Many genealogists choose to join a lineage organization after they feel comfortable in their new hobby. Some genealogists start researching their family tree specifically to join a lineage group. Some genealogists choose not to join any groups but prefer to spend their time on research and solving family mysteries.
Those genealogists who decide to apply for membership into a group have a large pool of organizations from which to choose. A recent survey of women in the Fort Worth area who belong to lineage groups indicated that many of them joined the Daughters of the American Revolution first.
Some said it was because the DAR was the one they knew by name recognition. Some said it was the “gold standard” in lineage groups. Some joined simply because they found the information that made them eligible for that group first.
Regardless of which group these women joined first, many of them continued to join as they learned more about their ancestry and about the other organizations available to them.

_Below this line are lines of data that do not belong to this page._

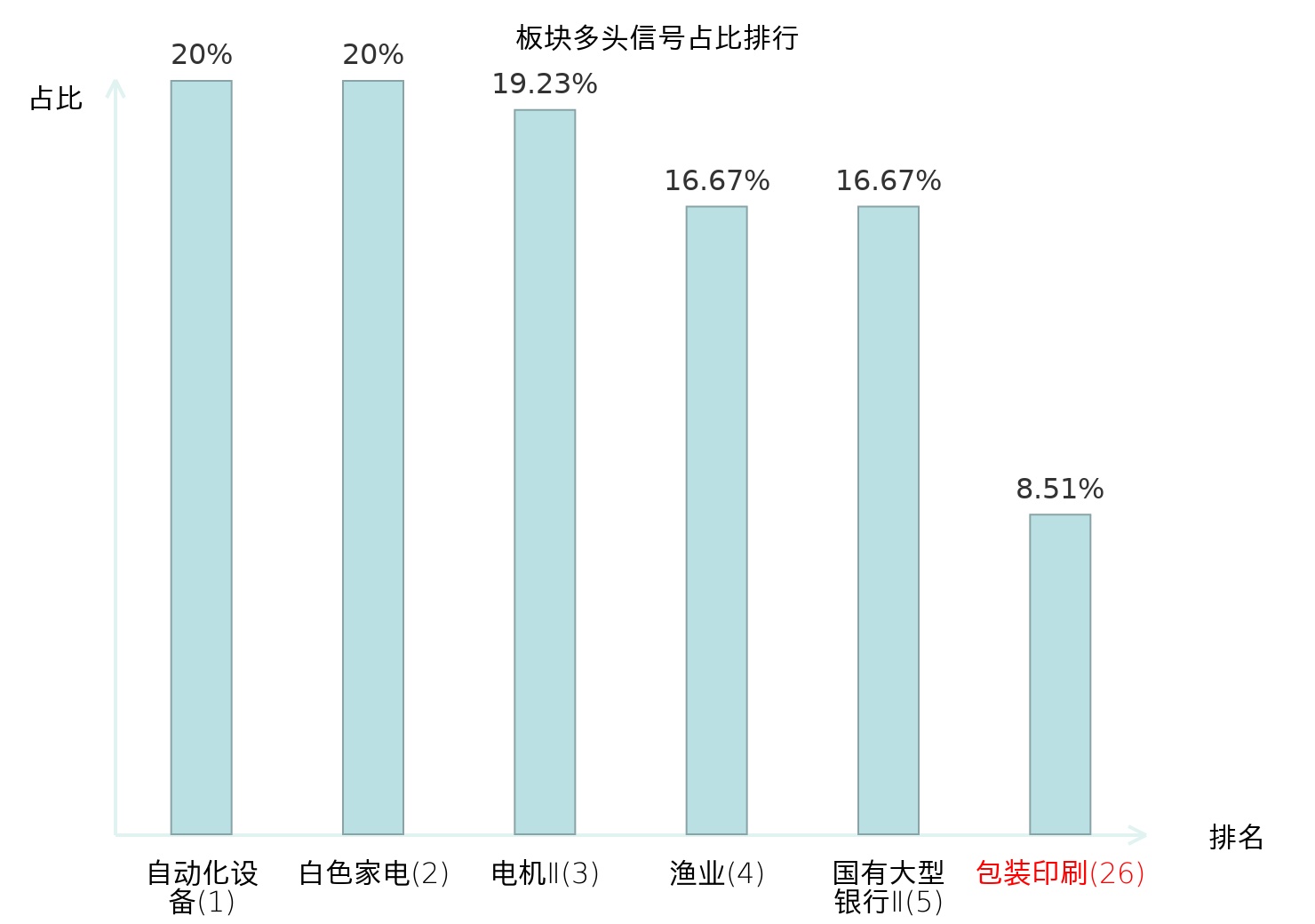 全市场所有行业板块中主力多头信号占比排名中,自动化设备板块位居第一。渔业板块名次提升最快,较昨日上升118位。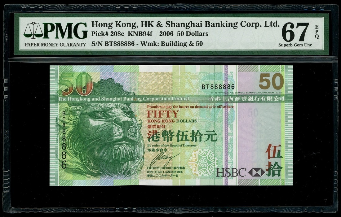 The Hongkong and Shanghai Banking Corporation, $50, 1.1.2006, near-solid serial number BT888886, (Pick 208c), PMG 67EPQ Superb Gem Uncirculated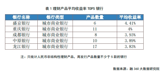 融360大数据研究院对各大银行的理财产品收益率进行排名(周发行量在5只及以上,不含外币理财和结构性理财),数据显示,上周盛京银行理财产品平均收益率为4.41%,排名首位,重庆银行产品平均收益率分别为4%,排名第二,成都银行产品平均收益率为3.93%,排名第三,中原银行、龙江银行平均收益率分别为3.89%、3.83%,分列第四、第五。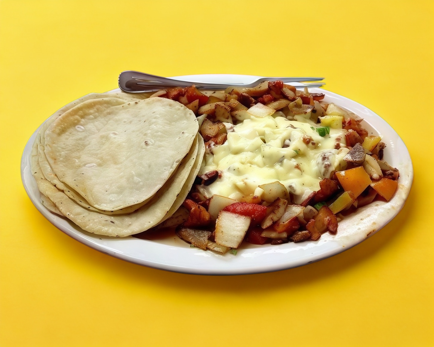 Chuleta, Tocino y Queso en 3 tortillas de harina
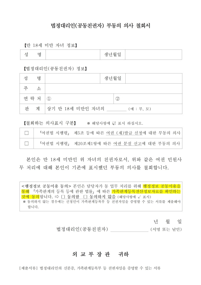 9,000원/월법정대리인(공동친권자) 부동의 의사 철회서 (여권법 시행령 관련) 서식입니다. 만 18세 미만의 자녀 친권자가 기존의 여권 민원 사무 처리에 대한 부동의 의사를 철회하고자 할 때 사용할 수 있는 서식입니다.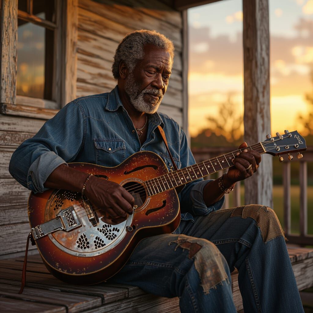 This image shows an elderly blues musician playing a resonator guitar on a weathered porch. The warm, golden light of the setting sun creates a detailed matte painting with deep, complementary colors.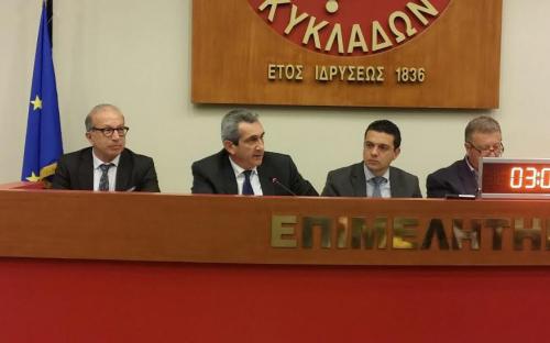 Το απόγευμα της Δευτέρας, πραγματοποιήθηκε η πρώτη συνεδρίαση για το 2016 του Περιφερειακού Συμβουλίου στην αίθουσα του Επιμελητηρίου Κυκλάδων, στο επίκεντρο του οποίου ήταν η εισήγηση του σχεδίου προγραμματισμού δράσεων τουριστικής προβολής της ΠΝΑΙ από την Αντιπεριφερειάρχη Τουρισμού κ. Μαριέτα Παπαβασιλείου.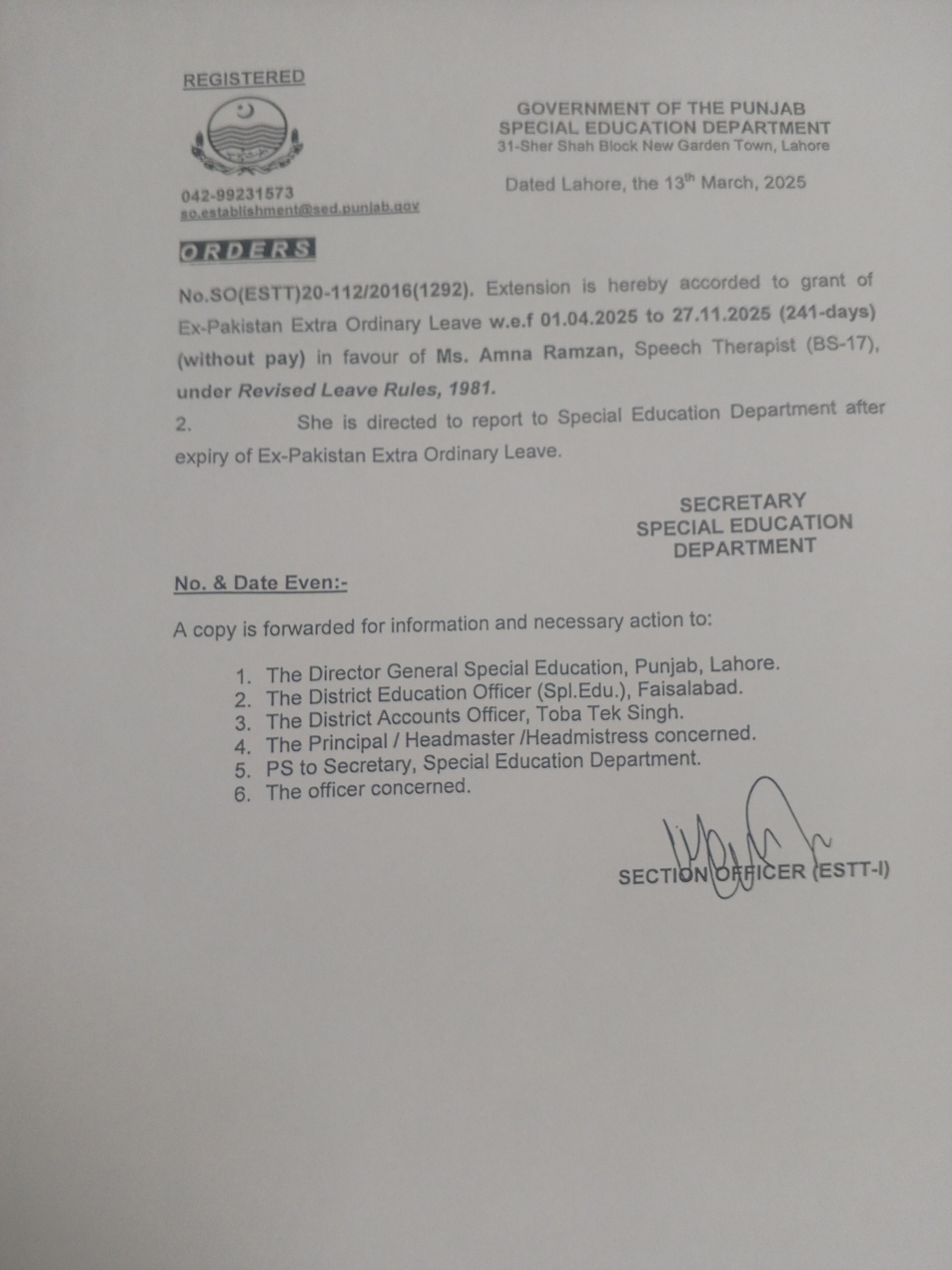 Category Leave Orders Date Friday, March 14, 2025 - 12:00 Order No SO(ESTT.)20-112/2016 File 17419351743038777543611178773310.jpg3.2 MB Employee Name Amna Ramzan Prominent Notifications

Barbara Bardeen Cobb is a member of several lineage societies, including DAR and National Society United States Daughters of 1812, which are groups that honor military service of ancestors. These types of groups are some of the first that genealogists join.
However, Cobb is also a member of some cleverly-named societies that are not so well known, even among genealogists. She is a member of Associated Daughters of Early American Witches. The society’s website states that membership is available to a woman who can “prove descent from an ancestor or ancestress who was accused or tried or executed for the practice of witchcraft prior to 31 December 1699.”
She is also a member of “The Flagon and Trencher Society: Descendants of Colonial Tavern Keepers.” This organization is open to males and females who “can prove direct descent from a person conducting a tavern, inn, ordinary, or other type of hostelry prior to 4 July 1776 (within the area which became the first 13 states).”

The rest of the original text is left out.